Distributing a variable [0-1] logarithmically

[lipsryme 1522]

Hey guys,

 

I was wondering about this little math problem of mine (which is also something I've come across several times but never had an answer to).

Given is a floating point variable between 0 and 1 evenly distributed (linearly).

However I would like this variable to be distributed logarithmically so that I have more precision in the lower region towards zero.

 

I've played around with using the log functions which gives me the nice distribution I want however I have no idea how to make it so that it's still between a min and max number, [0,1] in my case.

 

Any help would be appreciated :)

[alvaro 21438]

I don't think what you are asking is technically possible. Do you want the probability of [0.5,1] to be the same as the probability of [0.25,0.5] and the same as the probability of [0.125,0.25] and so on? That's what "logarithmic" sounds like to me. Unfortunately, that means the probability of all of those intervals must necessarily be 0.

Perhaps you could describe what your requirements are or what you intend to do with these numbers.

EDIT: Have you tried a simple power law? Take x in [0,1] and map it to something like x^3. That will probably result in something like what you have in mind. Tweak the exponent to taste. Edited May 10, 2016 by Álvaro

[JTippetts 13163]

In the book Texturing and Modeling: A Procedural Approach, one of the authors (I believe it was Perlin) provided two functions he uses to re-distribute values in the unit range:

function bias(t, b) return math.pow(t, math.log(b)/math.log(0.5)) end
function gain(t, g) if t<0.5 then return bias(1.0-g, 2.0*t)/2.0 else return 1.0-bias(1.0-g, 2.0-2.0*t)/2.0 end end

The bias function is used to push values toward one end or the other; values of b less than 0.5 push values of t nearer to 0, while a bias greater than 0.5 push the values toward 1. gain uses bias, and has the effect that if g is less than 0.5, the values are pushed toward the ends, while greater than 0.5 values are pushed toward the middle. In both these functions, 0.5 for the bias or gain factor results in the linear curve. For example:

If the linear curve looks like this:



then the same curve with bias(0.2) applies looks like this:



bias(0.8) looks like:



gain(0.2) looks like:



and gain(0.8) looks like:



In all cases, if t is in the range 0,1 then the output will also be in the range 0,1.

[lipsryme 1522]

Basically I want something similar to how a depth buffer is distributed from [0,1]. Have more precision from let's say [0, 0.5] and less from [0.5, 1.0].

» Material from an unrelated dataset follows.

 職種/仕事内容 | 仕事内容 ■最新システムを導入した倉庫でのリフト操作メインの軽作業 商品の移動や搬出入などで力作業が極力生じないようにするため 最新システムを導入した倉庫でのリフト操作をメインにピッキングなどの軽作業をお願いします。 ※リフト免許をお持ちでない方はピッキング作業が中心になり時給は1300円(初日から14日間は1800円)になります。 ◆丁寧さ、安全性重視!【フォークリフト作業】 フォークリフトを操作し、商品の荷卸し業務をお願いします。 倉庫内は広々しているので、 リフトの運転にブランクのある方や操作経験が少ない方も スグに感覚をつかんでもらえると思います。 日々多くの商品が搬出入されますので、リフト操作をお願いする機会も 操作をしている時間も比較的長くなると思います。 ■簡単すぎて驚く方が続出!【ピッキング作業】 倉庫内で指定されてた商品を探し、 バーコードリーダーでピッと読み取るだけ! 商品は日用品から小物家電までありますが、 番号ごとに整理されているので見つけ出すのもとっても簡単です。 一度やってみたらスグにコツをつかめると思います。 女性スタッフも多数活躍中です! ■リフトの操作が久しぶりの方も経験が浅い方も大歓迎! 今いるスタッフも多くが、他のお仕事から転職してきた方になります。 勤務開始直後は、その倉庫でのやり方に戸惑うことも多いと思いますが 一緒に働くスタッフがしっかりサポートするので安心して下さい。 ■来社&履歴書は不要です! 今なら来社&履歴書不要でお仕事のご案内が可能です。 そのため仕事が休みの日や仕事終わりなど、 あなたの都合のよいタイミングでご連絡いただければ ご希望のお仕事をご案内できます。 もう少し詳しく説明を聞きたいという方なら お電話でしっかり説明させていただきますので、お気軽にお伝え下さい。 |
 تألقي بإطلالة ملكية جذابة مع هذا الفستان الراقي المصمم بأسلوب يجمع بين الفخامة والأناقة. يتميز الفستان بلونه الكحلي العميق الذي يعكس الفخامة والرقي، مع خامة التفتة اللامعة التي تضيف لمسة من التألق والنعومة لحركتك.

I want to have this for a slider UI element where I need to tweak a variable in the [0,1] range but need more fine grain control over the first lower range than the higher range.

Hmm you might be right I could try using a power function...

 

@JTippetts That is awesome, I'll try that out asap

Edited May 10, 2016 by lipsryme

[Krypt0n 4753]

a power function should do. The range will stay [0,1], but the curve/distribution will change.

 

however, keep in mind that you cannot really rasterize in non linear space, hence you need to do the depth conversion in pixelshader.

[lipsryme 1522]

Using a power function like the one described by JTippetts works perfectly, thank you !

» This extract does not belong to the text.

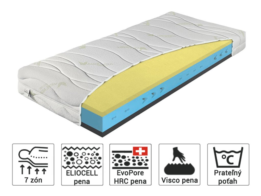 Materiálové zloženie: Elastická pena VISCO, ELIOCELL PENA, EvoPore HRC pena, poťah
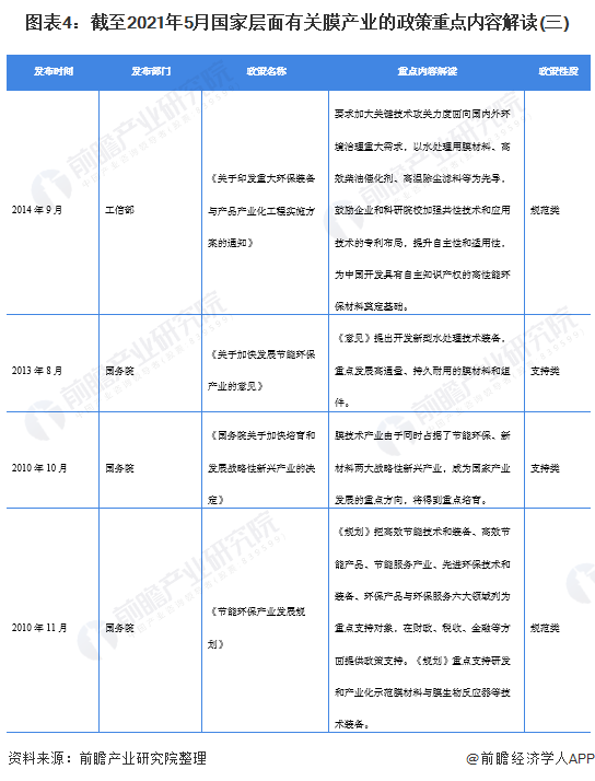 圖表4:截至2021年5月國家層面有關膜產(chǎn)業(yè)的政策重點內(nèi)容解讀(三)

For some reason I was thinking about a log function but completely forgot that the pow function is the one I was looking for.

 

@Krypt0n I was just using the depth buffer behavior as an example, the usage for this is for a more general functionality (e.g. more fine grained control over parameters in UI element sliders)

Edited May 11, 2016 by lipsryme

[__0BZEN__ 120]

That's the kind of things sometimes seen in inputs. And yeah, power functions. The rationale is simple. X in range ]0, ...], 0 pow(X) = 0, 1 pow(X) = 1, anything in between is in the range [0, 1], continuous.